Security Sprint – Firefox Profiles
We’re all busy people. A security sprint should take no more than two hours… which while long for a real sprint, it a mere blink of an eye when compared to the multi-year commitment that is proper security practice.
If you use Firefox as your primary browser, there’s a feature that you’re probably not taking proper advantage of. Firefox stores your personal data in a profile. This includes your bookmarks, passwords, cookies and add ons. The advantage here is that you can tune your Firefox configuration to what you’re doing… and somewhat segment your data.
For example, I have my normal browsing profile which includes a bare minimum number of add ons Adblock Plus, LongURL Mobile Expander, Web of Trust, BetterPrivacy, Cookie Safe and NoScript. Then, if I am conducting offensive security work, I use a profile that is loaded with some attack tools like SQL Inject Me and XSS Me. Similarly, when I’m doing web development or troubleshooting, I have a separate profile that loads Web Developer and Live HTTP Headers. This approach keeps my normal use fairly light and allows me to load the extensions that I need when I need them.

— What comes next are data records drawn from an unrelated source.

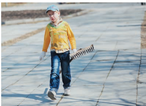
В уборке сквера приняли участие и будущие газовики — дети работников предприятия: так что кое для кого мероприятие получилось не только корпоративным, но еще и семейным.

М олодые специалисты Шадринского ЛПУ движутся в русле новых веяний. Как и было запланировано, они дружно вышли на уборку 25 апреля — в первую же субботу месячника чистоты. Было прохладно, но не снежно: погода позволила поработать с полной отдачей и навести на площадке полный порядок.
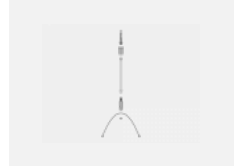
121-00301, N Seilaufhängung 4000mm
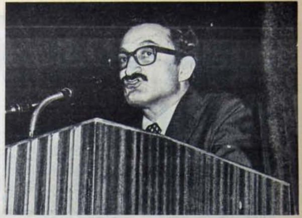
ESKİ PAŞACILARI MEMNUN EDİYOR
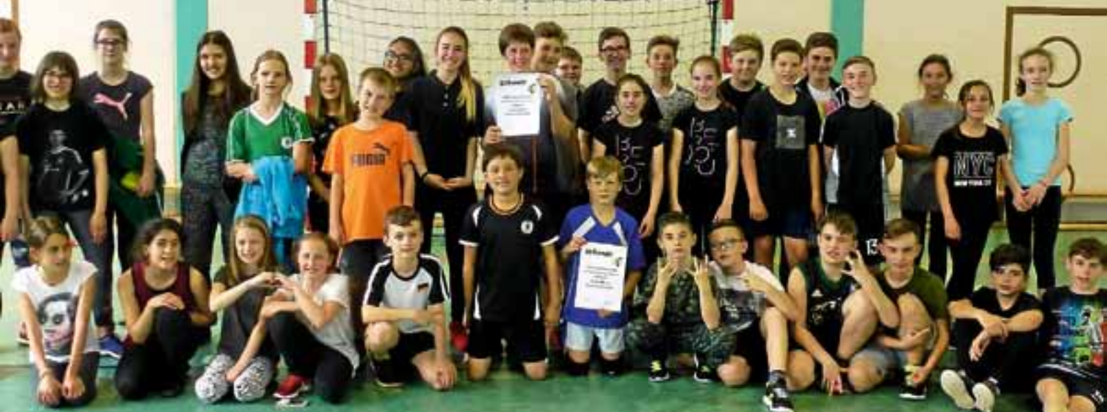
Die Klassen 5b und 6a sind Klassenstufensieger des Völkerballturniers.
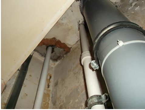
Незачеканенные гильзы - повреждение трубы вследствие трения о гильзу.
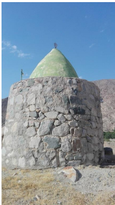
تصویر ۴. قدمگاه به فرم ماندالا

شده‌اند (تصویر ۴). هر بنای مذهبی یا غیرمذهبی که بر مبنای طرح ماندالا ساخته شده، فرافکنی تصویر کهن‌الگویی از ناخودآگاه، به جهان خارج است. شهر، قلعه و یا معبد هر کدام نماد وحدت روانی می‌شوند و بدین‌سان بر روی افرادی که وارد آنها می‌شوند و یا در آنها زندگی می‌کنند تأثیری خاص می‌گذارد (یونگ، ۱۳۷۸: ۳۷۱). قدمگاه، زیارتگاه و نظرگاه به عنوان مکان‌های مقدس در بیشتر موارد بر فراز بلندی کوه و تپه، یا در مکانی نزدیک به کوه بنا شده‌اند و دلیل آن این است که این‌گونه فضاها در مرکز توجه و جهان‌بینی قرار بگیرند و از این منظر به عنوان مکان وحی، شهود، تجلی‌گاه الوهیت و نماد قدرت به شمار بروند (Mei, 1986, Vol 14: 130-132). فضای زیارتگاه‌های این حوزه، معنوی و اثرگذار هستند به گونه‌ای که هنگامی که فرد عامی وارد این مکان می‌شود زندگی مادی را فراموش می‌کند و با ذکر دعا و نیایش به یک وحدت درونی می‌رسد. خادم زیارتگاه یا (شیخ) پس از نظافت، در محراب زیارتگاه چراغ یا شمع روشن می‌کند و با خواندن دعا شرایط را برای فرو رفتن در اندیشه ژرف مهیا می‌کند. این امر سبب دگرگونی شخصیت فردی مطابق با نظریه فرایند فردیت یونگ می‌شود.
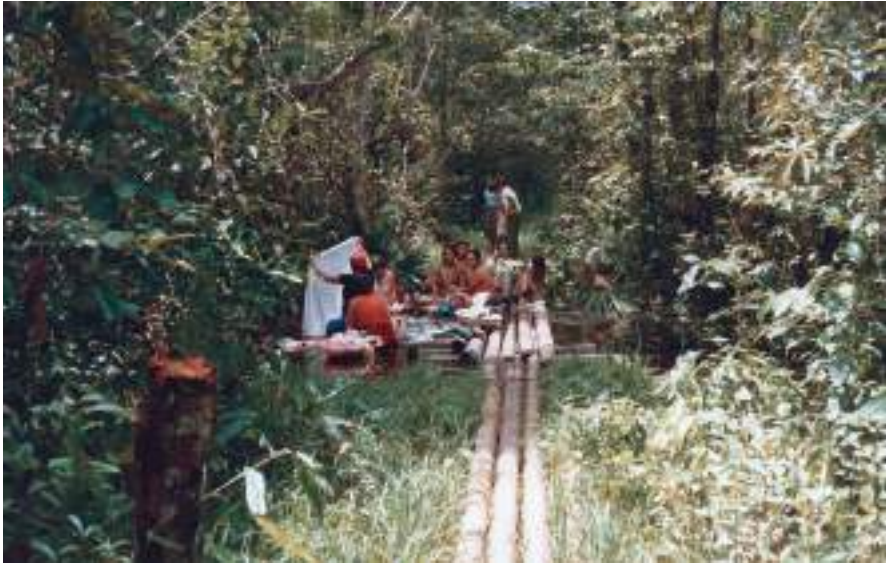
Figura 49 Lavanderas en el río Orthon. Navidad de 1982.
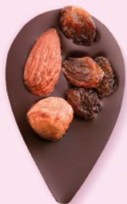
JULIETTE IN THE CITY Chocolat noir 60% de cacao, amande, noisette, raisins secs
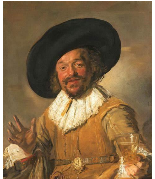
Frans Hals, 'De vrolijke drinker', ca.1628

Frans Hals werd in 1582 geboren in Antwerpen, maar na de val van de stad voor de koningsgezinde troepen, kwam het gezin in Haarlem. Daar werd Frans Hals in 1610 lid van het gilde en specialiseerde zich in portretten. Voor Haarlemse schutterijen maakte hij meerdere groepsportretten, maar hij schilderde ook regenten, echtelieden en anonieme mensen (zgn. tronies).
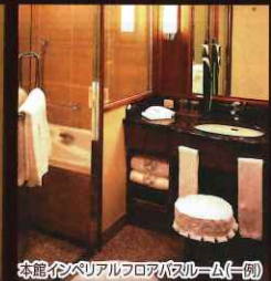
本館インペリアルフロアバブルルーム(一例)
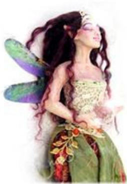
Ciondolo Fata Feng Shui Handfantasy
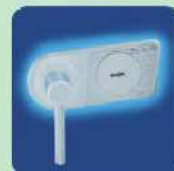
DB Standardschloss ab OPD-65 Doppelbart-Hochsicherheitsschloss EN 1300 Klasse A. DB Standard Lock of OPD-65 High security double bitted key lock EN 1300 Class A.
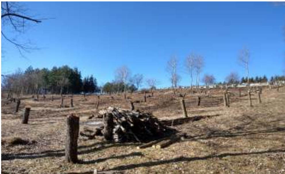
Slika 7 Izgled terena prije odvoza krupnijeg drveta, panjeva i korijenja šljiva
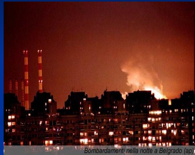
Bombardamenti nella notte a Belgrado

Руководство России осудило эти действия как агрессию и потребовало созыва Совета Безопасности ООН. Были прерваны отношения России с НАТО.
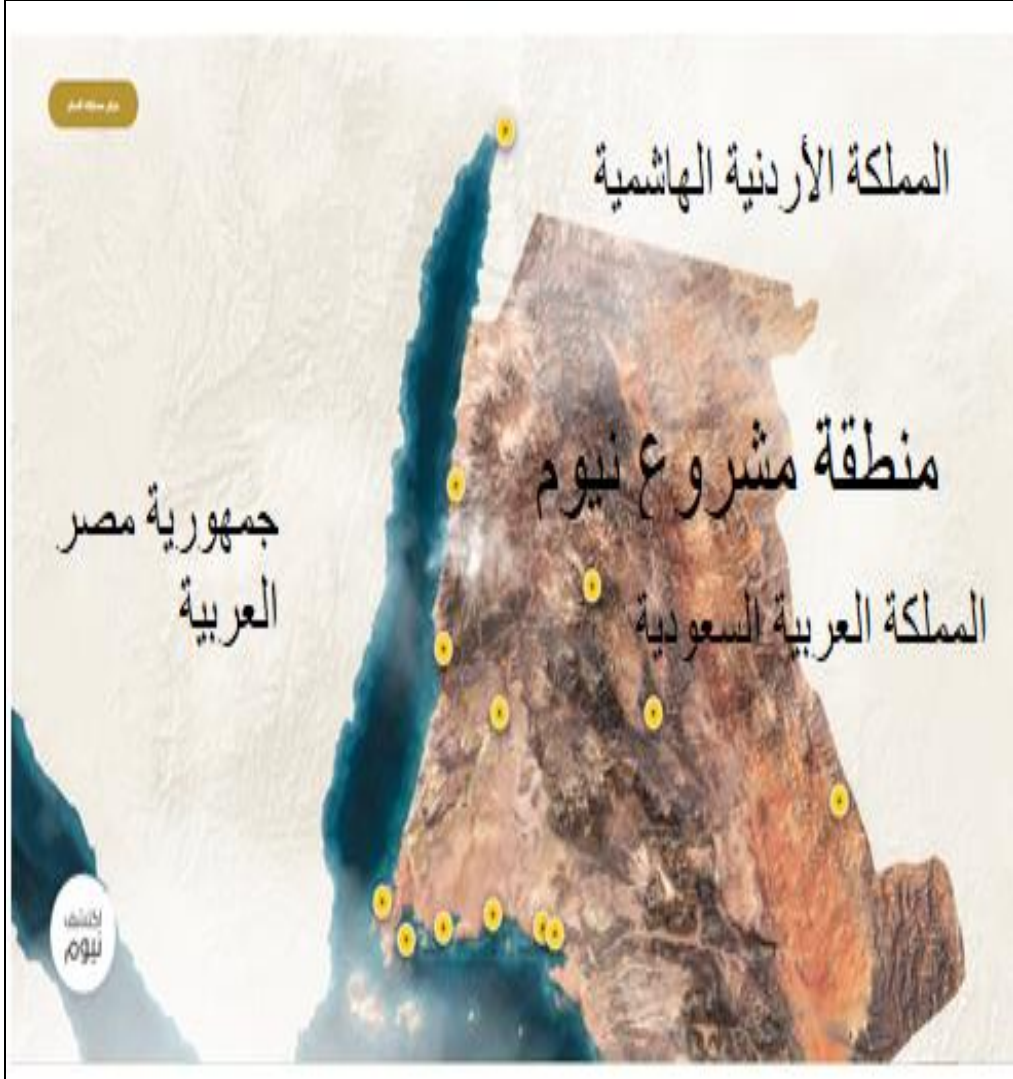
شكل ٦: موقع مشروع نيوم.

المصدر: صندوق الاستثمارات العامة، الموقع الإلكتروني لمشروع نيوم

In theory, it also keeps my passwords and cookies a bit safer than usual. It’s not as secure as using a completely separate user account or even computer for doing dangerous activities, but it’s better than not doing anything at all.
To do build your own profiles, go here and launch the Profile Manager. Then, when you start Firefox, you will get dialog asking you which profile you wish to run. From there, it’s just a matter of picking which mode you wish to work in and selecting the appropriate profile before you start.